• Source data

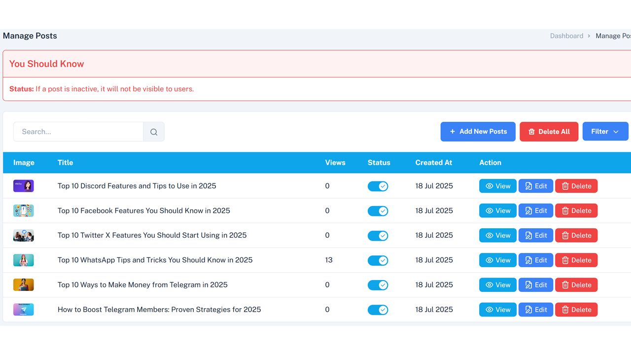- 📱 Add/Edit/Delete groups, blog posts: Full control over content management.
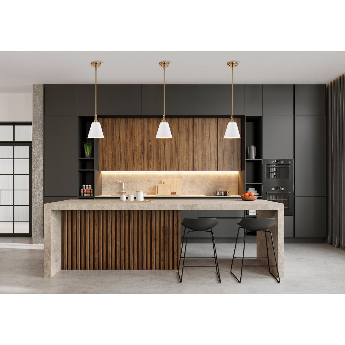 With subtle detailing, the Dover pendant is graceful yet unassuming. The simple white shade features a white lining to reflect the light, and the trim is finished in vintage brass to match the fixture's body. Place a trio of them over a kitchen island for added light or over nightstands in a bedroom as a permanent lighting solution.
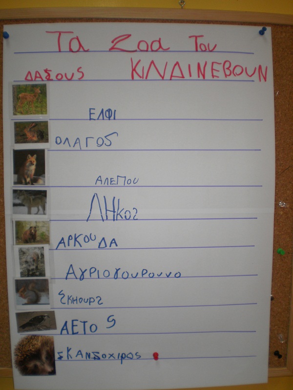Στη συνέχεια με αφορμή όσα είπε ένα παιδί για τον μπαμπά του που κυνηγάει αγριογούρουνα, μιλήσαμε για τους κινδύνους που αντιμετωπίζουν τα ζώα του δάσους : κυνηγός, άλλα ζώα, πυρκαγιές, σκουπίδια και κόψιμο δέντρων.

• Task statement
The data above must be written out again word for word, without its pictures.

• Exercise response
- 📱 Add/Edit/Delete groups, blog posts: Full control over content management.
 With subtle detailing, the Dover pendant is graceful yet unassuming. The simple white shade features a white lining to reflect the light, and the trim is finished in vintage brass to match the fixture's body. Place a trio of them over a kitchen island for added light or over nightstands in a bedroom as a permanent lighting solution.
Στη συνέχεια με αφορμή όσα είπε ένα παιδί για τον μπαμπά του που κυνηγάει αγριογούρουνα, μιλήσαμε για τους κινδύνους που αντιμετωπίζουν τα ζώα του δάσους : κυνηγός, άλλα ζώα, πυρκαγιές, σκουπίδια και κόψιμο δέντρων.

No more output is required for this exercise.